Ceylon Daily Mirror
- Type: Daily newspaper
- Format: Tabloid
- Owner: Times of Ceylon Limited
- Founded: 1961
- Ceased publication: 1979
- Language: English
- City: Colombo
- Country: Ceylon
- Sister newspapers: Lankadeepa; Morning Times; Sri Lankadeepa; Sunday Mirror; Sunday Times of Ceylon; The Times of Ceylon; Vanitha Viththi;
- OCLC number: 220071729

= Ceylon Daily Mirror =

The Ceylon Daily Mirror was an English language daily newspaper in Ceylon published by Times of Ceylon Limited (TOCL). Modelled on the British Daily Mirror, it was founded in 1961 and was published from Colombo. In 1966 it had an average net sales of 17,705. It had an average circulation of 17,217 in 1970, 15,995 in 1973 and 8,500 in 1976. It was renamed Daily Mirror in the mid-1970s. It ceased publication in 1979.

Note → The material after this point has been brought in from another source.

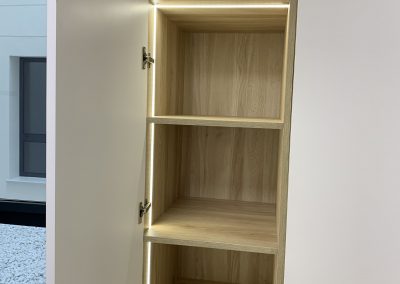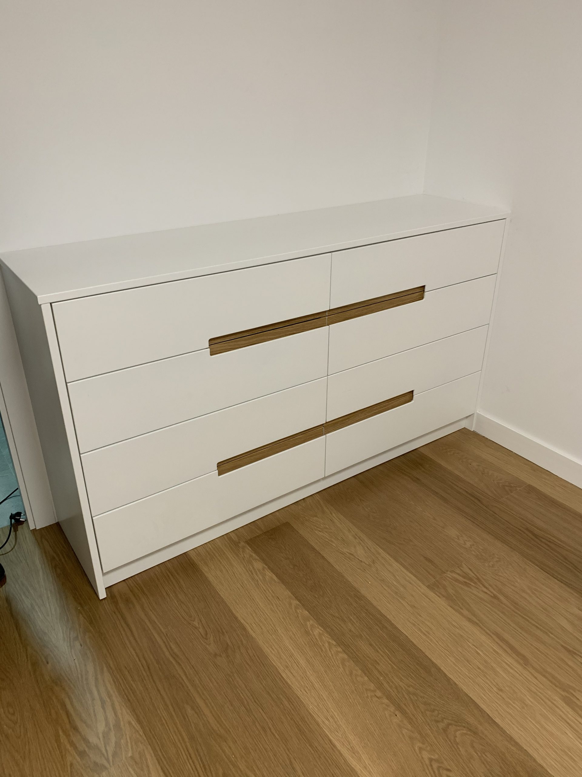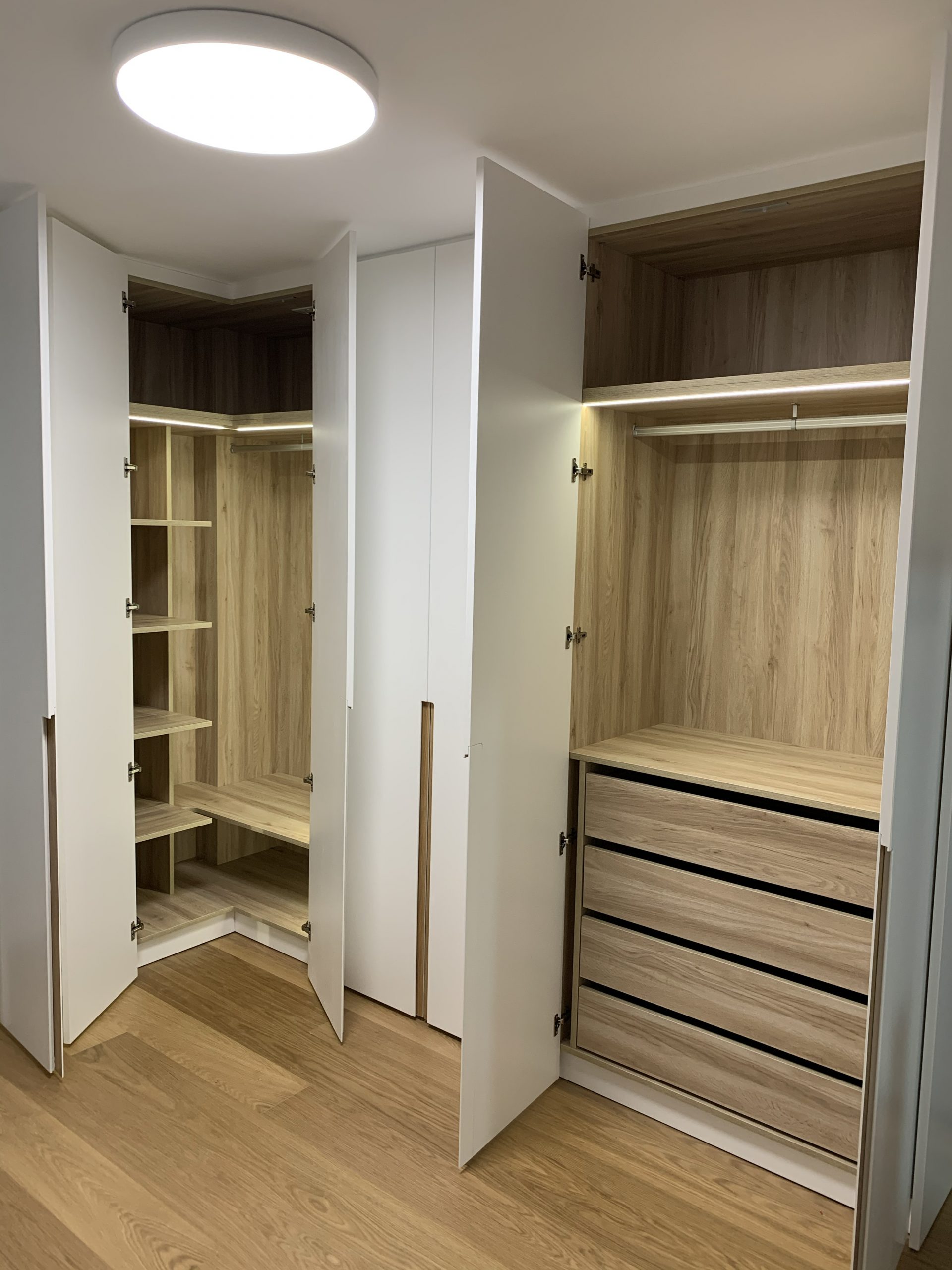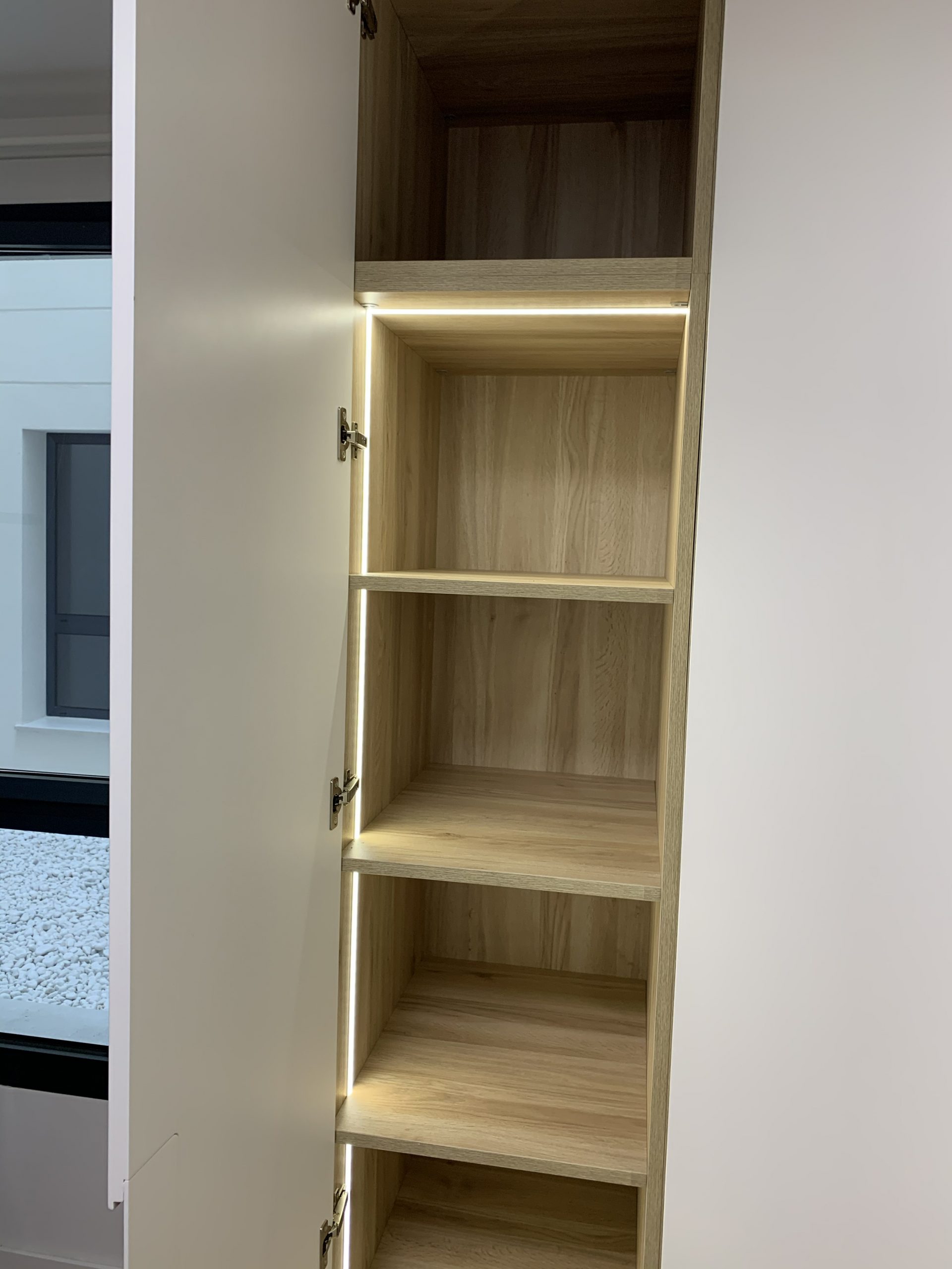 Armario en forma de L, con interiores revestidos en roble Guadalupe y equipado con iluminación LED para una mejor visibilidad en su interior. Su exterior lacado en blanco brinda una apariencia elegante y atemporal, complementado con un tirador tipo uñero a media altura elaborado en roble macizo, añadiendo un toque de distinción y calidez al diseño. Esta combinación de materiales y detalles ofrece una solución de almacenamiento funcional y estéticamente atractiva para cualquier espacio.

TOCL was nationalised by the Sri Lankan government in August 1977. The state-run TOCL faced financial and labour problems and on 31 January 1985 it and its various publications closed down. Ranjith Wijewardena, chairman of Associated Newspapers of Ceylon Limited (ANCL) before it was nationalised in July 1973, bought the trade names and library of the TOCL publications in 1986. Wijewardena's company, Wijeya Newspapers, subsequently started various newspapers using the names of former TOCL publications. The Midweek Mirror, later renamed The Daily Mirror, started publishing in 1995.